Life Today: PTSD Recovery and Resilience in Action
Today, Ebony is married to Drew, and she's a mother of two, with her family living in Boise, Idaho. She works as a corporate recruiter, runs competitively, and operates the Running Foster charity.
“I want people to feel seen,” Ebony says. “In the job market, it’s one of the most rejected places. I love giving people visibility.”
Even in her day job, Ebony’s healing shows up: helping people feel valued and accepted, the very things she craved her entire childhood.
“I wanted to rewrite the story,” Ebony said at her pivot point. She has.
This is PTSD recovery and resilience in action: not just surviving but thriving, not just healing but helping others heal.
Why This Sexual Assault Survivor Story Matters
Ebony’s story matters because:
For young survivors: She chose healing at 24. You don’t have to spend decades in pain.
For those foster kids and those who were adopted: Your grief is valid even if you never knew your birth parents. You’re not a hot potato, you’re a whole person worthy of love.
For sexual assault survivors: You don’t have to pursue prosecution to be validated. Coping after rape looks different for everyone.
For people-pleasers: You can stop. You can set boundaries. People-pleasing recovery is possible.
For those struggling with family relationships: You can have boundaries with family & in-laws and still have relationships with them.
For everyone asking “How do I begin to heal?”: One year. Ebony took one dedicated year focused solely on herself and her healing. That transformed everything. Whether it's one year or ten years, healing requires to focus inward on ourselves.

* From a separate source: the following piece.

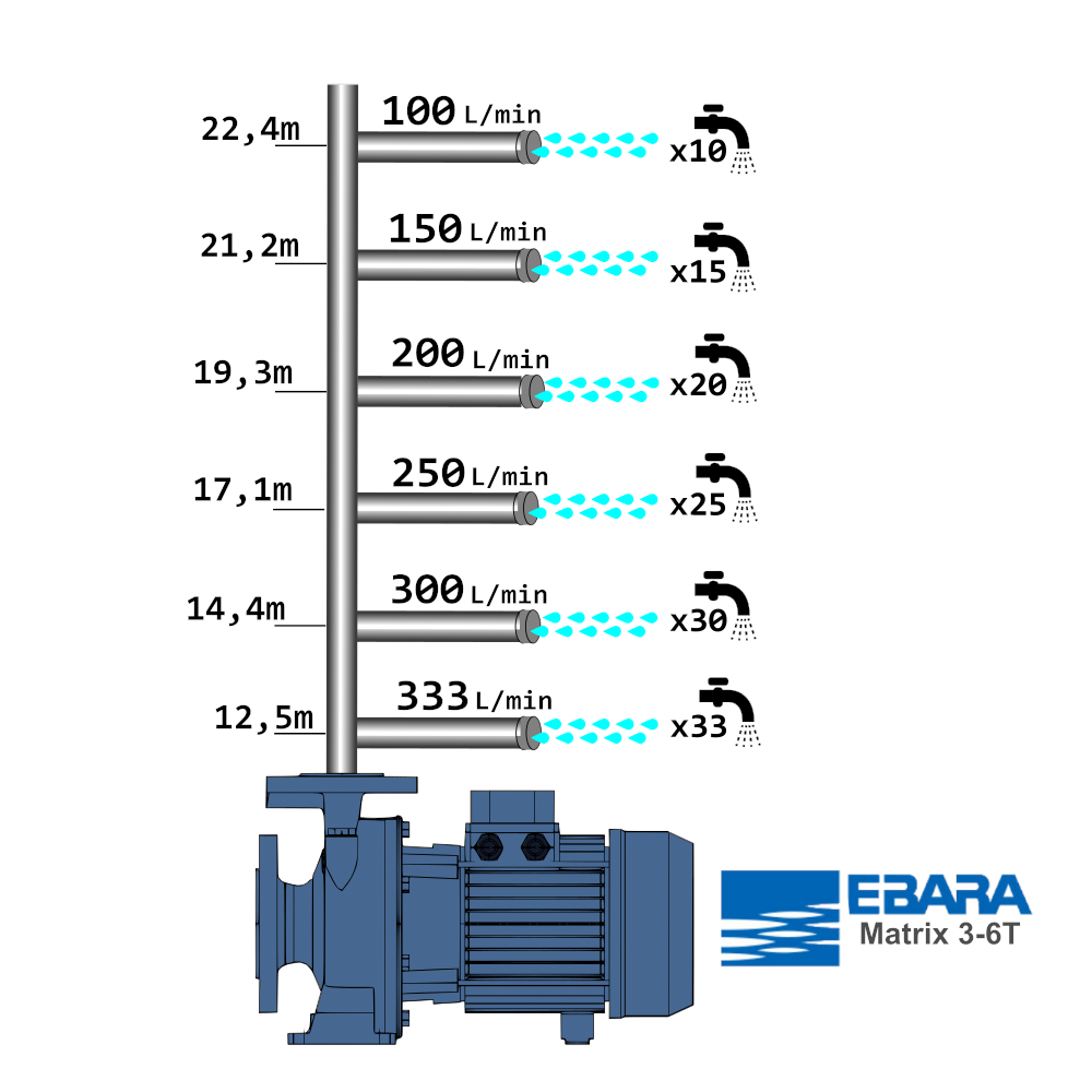 Il suo utilizzo può essere in modo singolare o affiancata ad una pompa equivalente, formando un gruppo pompa. La tensione della pompa normalizzata è monofase, garantisce ha una potenza in cavalli di 1,50hp. Internamente possiede una girante in acciaio INOX AISI 304, il corpo pompa è in ghisa ed albero anche esso in acciaio inox.

Your Healing Journey Starts Here
Whether you’re healing from trauma, coping after rape, navigating grief and identity after adoption, breaking free from people-pleasing, or asking “How do I move forward?” Ebony's story offers hope.
You don’t have to have it all figured out. You don’t have to heal overnight. But you do have to choose yourself.
“When I stopped the search of being told who I was or needing something to validate who I was, I just released it. I decided I wanted to rewrite the story.”
That one decision changed everything: I am worthy of this love. Even if it’s hard, I’m worthy of this love.
From this point forward, you can be who you want. Regardless of your past, you can rewrite the story. You can refuse to be a statistic.
Your peace is worth it. Your healing is worth it. You are worth it.
Connect with Ebony Jones-Thomas
Ebony is active on LinkedIn, where you can connect with her.
For resources on healing from trauma, coping after rape, and overcoming childhood trauma, visit our Resources page.
This is Ebony’s first time sharing her complete story publicly. May her courage inspire yours. May her choice to heal at 24 encourage every young survivor that it’s never too early to choose yourself. In fact, the sooner you start, the longer of a joyful life you will give yourself.
You, too, can heal. No matter your age.